At the top of the pyramid presented in Article 1 are end-to-end tests. In the context of end-to-end tests, we can talk about e2e (end-to-end), UI, system, user interface tests … In other words, this article will focus on tests that are carried out on the system as a whole. The main task of this group of tests is to check whether the entire system, as a whole, satisfies the presented and declared requirements.

In the development of mobile applications in general, as well as in the development of applications for android in particular, the concept e2e tests often used as a synonym for user interface tests (UI tests) and tool tests. However, it should be remembered that in the general case this is not entirely true, since they do not always mean the same thing, since everything can depend on the context.

Instrumented tests are tests that require a special environment to run – either a physically connected device (smartphone, tablet, etc.) or an emulator (simulator). This group may not be limited to the usual UI tests, but may also include a large number of other types of testing – for example, testing of working with a database or disk, in which the UI is not needed at all, screenshot tests, etc.

E2E (end-to-end) tests, in turn, may include:

  • tests that use the entire system: the entire mobile application, without replacing certain layers (for example, depending on the chosen test strategy and the needs of the team, instrumental tests can be carried out on the application, with simplified logic, without using a real network layer, etc. .P.). In other words, E2E tests in the context of the application (service) architecture (shaded areas indicate possible types of testing and possible areas of their application):

    E2E tests in the context of the architecture

    E2E tests in the context of the architecture

  • tests of the main use cases – from start to finish. This term is often used when a user script includes too many steps. For example, the main scenario of an online store application can be divided into several loosely related stages: authorization, product selection, payment, post-payment.
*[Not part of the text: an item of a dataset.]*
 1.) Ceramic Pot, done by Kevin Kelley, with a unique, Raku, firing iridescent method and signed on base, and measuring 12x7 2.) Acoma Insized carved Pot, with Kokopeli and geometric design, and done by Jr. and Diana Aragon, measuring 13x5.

Or you can combine all the steps together and test the entire scenario from start to finish (end-to-end).

    E2E tests in the context of scenarios

    E2E tests in the context of scenarios

Thus, when using these terms, always keep the context in mind. Further in this article, we will mainly focus on instrumental UI tests.

So, UI tests, as a subset of instrumental tests, are executed on devices with the operating system of the target platform (real or emulated), so that they can use almost everything that the platform API provides.
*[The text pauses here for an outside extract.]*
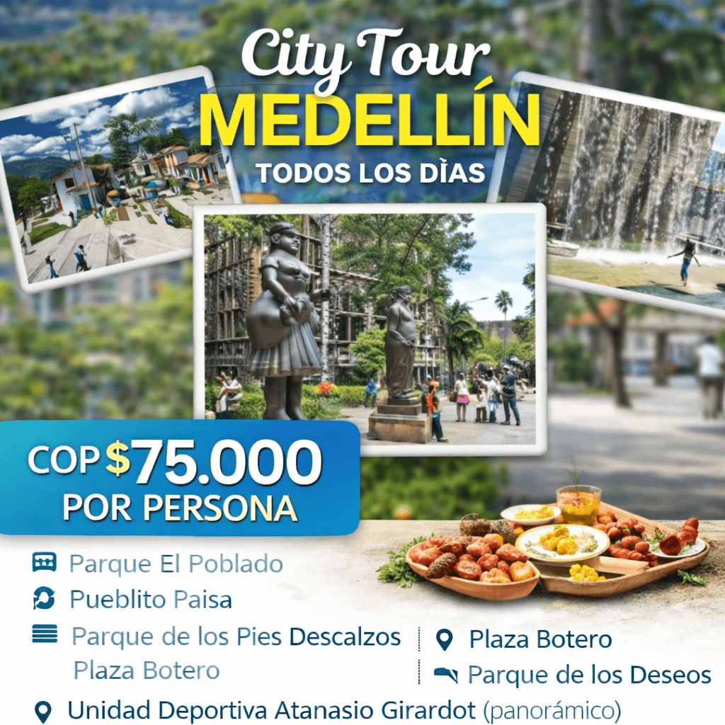 marzo 17, 2026Vive una experiencia única recorriendo los sitios más representativos de Medellín en un tour diseñado para conocer su esencia cultural, social y turística. Durante el recorrido visitarás espacios icónicos que reflejan la transformación de la ciudad, combinando historia, arte urbano, naturaleza y tradición paisa.
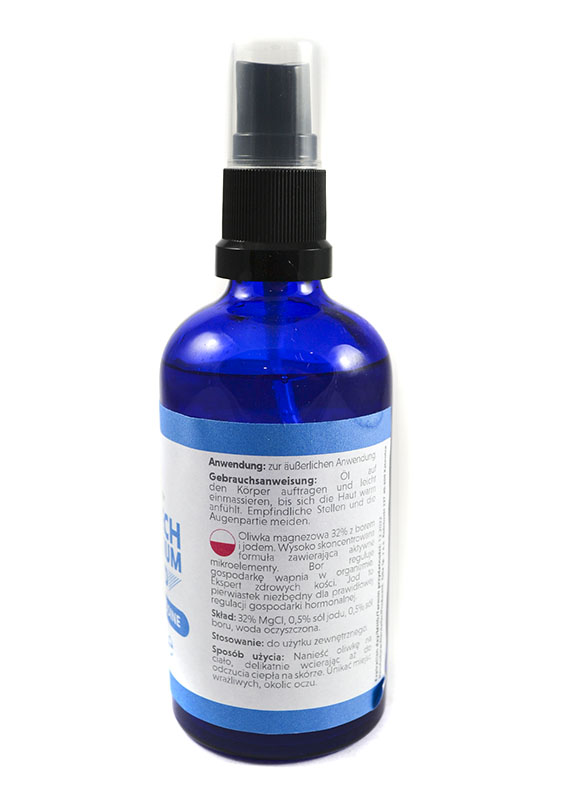 MAGZECH Olejek magnezowy 32% bor+jod 100 mlMineralizator magnezowy do ciała. Wysokoskoncentrowany olejek zawierający aktywny magnez. Stosowany w kosmetyce, masażach, przy intensywnym uprawianiu sportu oraz do szybkiej suplementacji magnezu. Produkt pochodzenia naturalnego.Olejek zawiera dodatki wzbogacające formułę o bor i jod. Mikroelementy znacznie wzmacniają oddziaływanie magnezu oraz uzupełniają niedobory tych elementów. Wysoko skoncentrowana formuła zawierająca aktywne mikroelementy. Bor reguluje gospodarkę wapnia w organizmie. Ekspert zdrowych kości. Jod to pierwiastek niezbędny dla prawidłowej regulacji gospodarki hormonalnej. Skład: 32% MgCl, 0,5% sól jodu, 0,5% sól boru, woda oczyszczona. Produkt sporządzany jest z najwyższej jakości surowców. Do produkcji w naszym laboratorium stosowana jest ultraczysta woda dejonizowana, wytwarzana metodą podwójnej osmozy. Stosowany chlorek magnezu posiada wysoką czystość i pozbawiony jest szkodliwych dodatków. Uwaga:Przechowywać w miejscu niedostępnym dla małych dzieci. Unikać kontaktu z oczami. W przypadku kontaktu z oczami przemyć dużą ilością wody. Przechowywać w szczelnym zamknięciu powyżej 5 °C, aby uniknąć tworzenia kryształów. Stosowanie:Olej magnezowy może być z powodzeniem stosowany codziennie zarówno profilaktycznie, jak i docelowo. Jego regularna aplikacja szczególnie polecana jest osobom mającym problemy skórne. Aktywni fizycznie powinny stosować go po każdym treningu, a alergicy codziennie przez cały okres pylenia. Aplikacja olejku magnezowego jest łatwa. Co ważne, olejek bardzo szybko się wchłania.Olejek można dowolnie rozcieńczać wodą. Należy unikać kontaktu z oczami. Przechowywać w temperaturze pokojowej.

UI tests for mobile applications are automated tests that simulate user interaction with the application. This group of tests allows you to verify that the user interface elements work as expected by the scenario.

Most often, such tests are written using frameworks. For Android, it’s mainly Espresso and UI Automator. However, there are also proprietary solutions using third-party technologies (for example, Jest). The framework API may not always be convenient and readable for a number of reasons, and they often write their own wrappers and libraries for more convenient work (for example Kakao, Kaspresso).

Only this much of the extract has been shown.